294 Seiten, Dissertation Universität Erlangen-Nürnberg (2013), Softcover, A5

Zusammenfassung / Abstract

Mixed-integer semidefinite programming is an evolving field of research. Classical combinatorial optimization problems as well as various different applications can be modeled using semidefinite programs. One such application which can be modeled as semidefinite program (SDP) is the optimization of the topology of trusses.

Within a project of the Collaborative Research Center 805 - Control of Uncertainty in Load-Carrying Structures in Mechanical Engineering at TU Darmstadt active components need to be positioned in the truss. This positioning is done using binary variables and leads to mixed-integer semidefinite programs (MISDP).

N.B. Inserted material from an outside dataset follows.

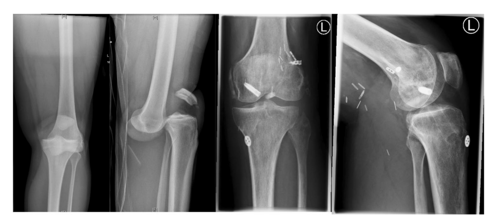
Fig. 1 Anterior–posterior and lateral radiographs of a posterior dislocation of the knee (Grade-A) and the joint after reduction, vain graft of the popliteal artery and surgical ligament repair of the posterior cruciate ligament (PCL), the anterior cruciate ligament (ACL), and the lateral collateral ligament complex (LCL)

open dislocations, or extensive soft tissue damage protective external fixation was applied. Further surgery was planned and consecutively performed in stages according to the injury pattern.

We provide a code package for SCIP that uses the SDP solver DSDP and is able to solve general MISDPs. To the knowledge of the author, such a general solver was not available before. To demonstrate the generality of our software, we apply it to the Maximum Cut Problem and Truss Topology Design.

We introduce the required background from linear algebra and present different solving strategies for continuous SDPs. Moreover, we discuss the specific problems when solving SDPs within a branch-and-bound algorithm.

Ideas to speed up the branch-and-bound process for MISDPs are also presented.Furthermore, we state a method for approximating the semidefinite cone and comment on the implementation.

Both applications are introduced and different models for numerous extensions are shown. Finally we present very detailed computational results.